Mouchette

Robert Bresson is hard not to like, if once you can begin to like him. His was a career aiming only at perfection, and particularly the perfection of film without anything unessential: if the image in motion couldn’t say something, then he wouldn’t say it. Mouchette is, perhaps, the only movie of his which I just couldn’t enjoy the first time round. That may have been my fault; I’ve never been good with faces and didn’t realize that the two men in the opening sequence were not one and the same, that Mouchette’s father was the same man who pushed her in church, or that the barmaid was in love with the poacher. Bresson is as terse as a director can get, and without the fluff I could see the continuity in the scenes, but not in the persons.

Have you never seen a Bresson movie? ‘A man Escaped’? ‘Pickpocket’? ‘Diary of a Country Priest’? Watch them in that order.
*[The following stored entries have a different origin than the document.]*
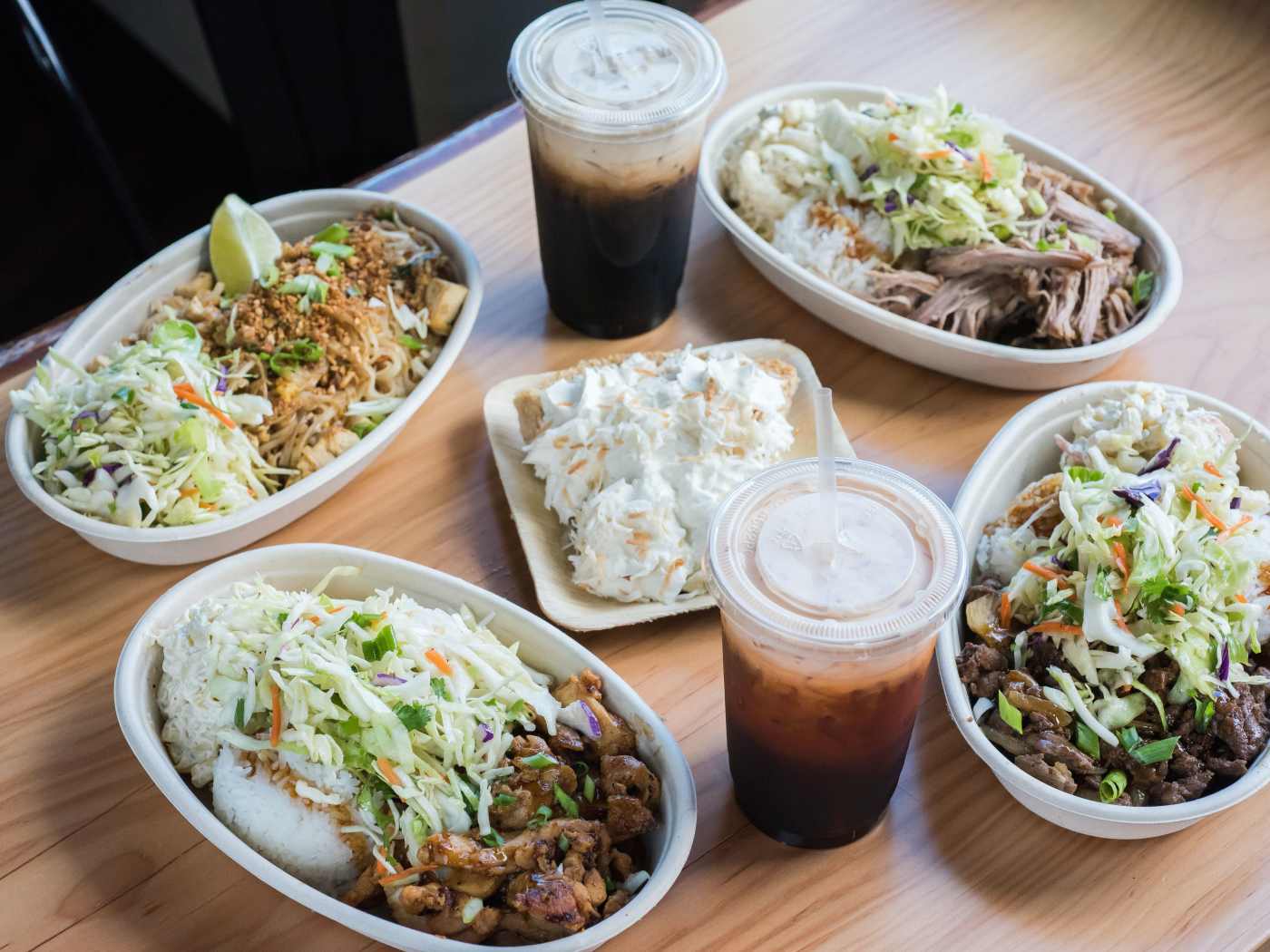 "Eating a Hawaiian plate lunch and drinking creamy Thai iced tea with some friends at Buddha Bruddah makes a weeknight feel undeniably less like a weeknight. Plus, the staff is super friendly, there’s a DIY hot sauce bar, and you can order an entire coconut cream pie. The best thing to do, especially with a group, is to get a bunch of things - like charred huli huli ginger chicken, garlicky shrimp, spicy pork, pad thai, and, yes, pie - and split them." - aimee rizzo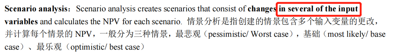 情景分析指的是对于“一系列”的变量经行调整,而A,B选项只说了改变only一种变量!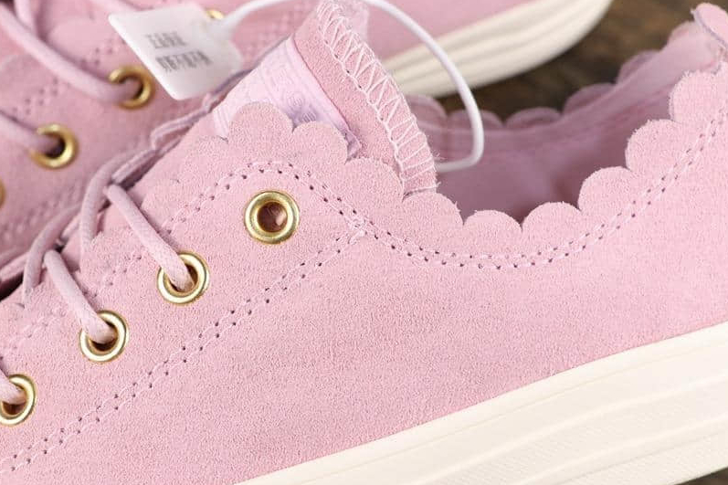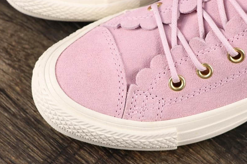 1. Frilly Details: The Chuck Taylor All Star Low ‘Frilly Thrills Pink Foam’ is adorned with delicate frills, adding a touch of femininity and uniqueness to the classic Chuck Taylor design. These frills create a playful and eye-catching element, making this shoe stand out from the crowd.

He might take some getting used to: moving to Bresson from the likes of Michael Bay, or even Terrence Malick is like walking from a gallery piled with Thomas Kinkade paintings to one dedicated to the Dutch Masters. You will not find in Bresson any sentimental slop or needless motion, perhaps you wouldn’t even find acting: His actors were told not to act; his believed music distracted from the visual (“you can’t be all eyes if you are also all ears”); and he didn’t shoot establishing shots. It would all be exposition: you see the person, you figure it out. Sound like art-house? Well, no one knows what that means. I’ll tell you what it is, it is clean and precise. You will not hear a note if it isn’t important, you will not see an emotion if Bresson didn’t want it (though you may feel unprompted ones), you will never, ever, see a motion of the camera which isn’t meticulously chosen to convey a particular intent.

Without the language of the camera Mouchette wouldn’t be a movie but just a bunch of clips. With the language, though, it is a strange, quiet, maybe despairing look at a young girl who is not loved but desperate to be loved. She knows she should be sought after by someone with the intensity and focus of a hunter, but instead the hunt is too lighthearted and brief–or dangerous. In one way, there is very little to this movie: it is short and sparse. There is, however, a perfection in its crafting which fills out the story as a hard parable of rebuffed yearning for love.